O Rastro e a Travessia: A Filosofia em Duas Vozes … Gabriel Luz
O Rastro e a Travessia: A Filosofia em Duas Vozes de William Contraponto
Por Neno Marques
Há poetas que escrevem versos. William Contraponto escreve vetores. Seus poemas não se acumulam — se orientam. Essa direção se torna evidente quando aproximamos Ontologia do Legado e O Interlúdio das Verdades Porosas. Eles parecem, à primeira leitura, partilhar o mesmo território temático — o tempo, a passagem, a permanência — mas, na verdade, operam em planos distintos que se iluminam mutuamente.
O Interlúdio das Verdades Porosas pensa o movimento. É um poema sobre o sujeito em travessia, sobre o instante em que a consciência se reconhece no fluxo, lidando com limites, margens, incertezas. O ser aparece como processo, não como substância. É a filosofia existencial manifestada em poesia: o humano em ato, jamais fixo, sempre em trânsito.
Ontologia do Legado, por outro lado, desloca o olhar do caminhar para o rastro. Ele examina o que permanece depois da passagem, não como monumento, mas como metamorfose. O legado, aqui, não é uma herança estática: é aquilo que retorna transformado, moldado pelo tempo, reconfigurado pelas experiências que o tocam. É uma visão pós-estruturalista da permanência — o que se mantém é justamente o que muda.
Nessa complementaridade, William Contraponto faz filosofia. Ele não ergue sistemas; expõe tensões. Ele revela que entre o gesto e o eco existe uma zona onde a existência se dobra sobre si mesma. O Interlúdio das Verdades Porosas pensa a travessia; Ontologia do Legado pensa o vestígio. Juntos, formam uma unidade filosófica em que o ser se mostra duplamente: como movimento e como rastro.
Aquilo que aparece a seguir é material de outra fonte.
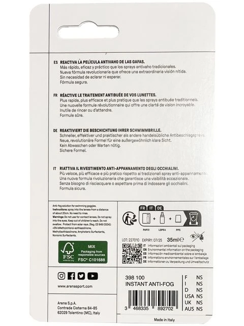 The Arena Instant Anti-Fog Spray & Swim is designed to reactivate your goggles anti-fog coating. Fast-acting, effective and practical, this revolutionary formula delivers extraordinary clarity of vision. Spray onto the inside of your goggle lenses and you’ll be swimming fog free in seconds.Â
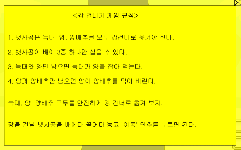 1. 강건너기 게임1 (뱃사공, 늑대, 양, 양배추)
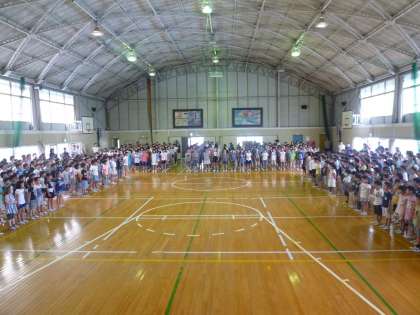 歌声集会 公開日 2017/07/03 更新日 2017/07/03 学校の窓 全校児童が、体育館に集まって「にじ」「夏色」を歌いました。どの子もしっかり歌詞を覚えて、一生懸命歌っていました。みんなの素晴らしい歌声が、響き渡りました。
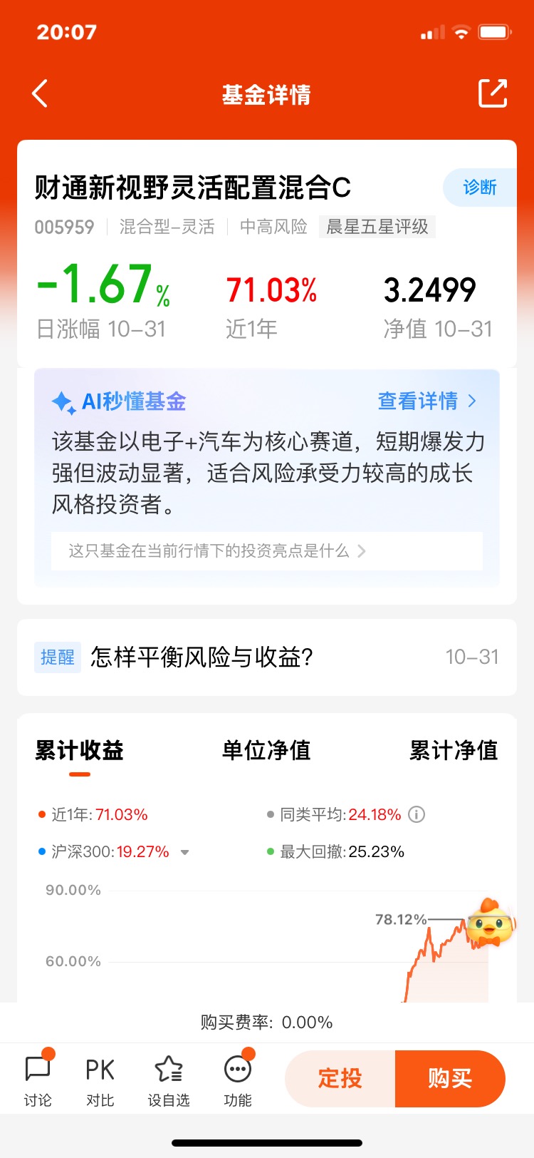 历史表现方面,$财通新视野灵活配置混合C$在过去几年里,整体表现比较平稳。虽然不像一些纯科技基金那样在牛市中暴涨,但它在市场回调时回撤控制得较好,体现了灵活配置的优势。比如,2022年市场波动大时,它的净值波动相对温和,这说明基金经理在风险管理和资产配置上做了功夫。不过,历史业绩不代表未来,投资者要看长期趋势。
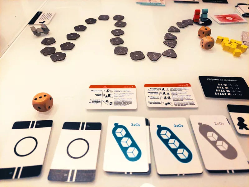 Il gioco è completamente cooperativo: tutti vincono o tutti perdono. Ogni decisione va condivisa, dal percorso da seguire alle risorse da prendere, cercando di sfruttare al meglio l’ossigeno comune e il movimento limitato di ogni turno.

E é nesse espaço — entre o que vive e o que permanece — que a poética de Contraponto assume sua natureza filosófica. Ele pensa o mundo enquanto o sente, e sente o mundo enquanto o problematiza. Sua poesia não explica: revela. Não conclui: desestabiliza. Ele devolve ao leitor o território original da filosofia — a inquietação.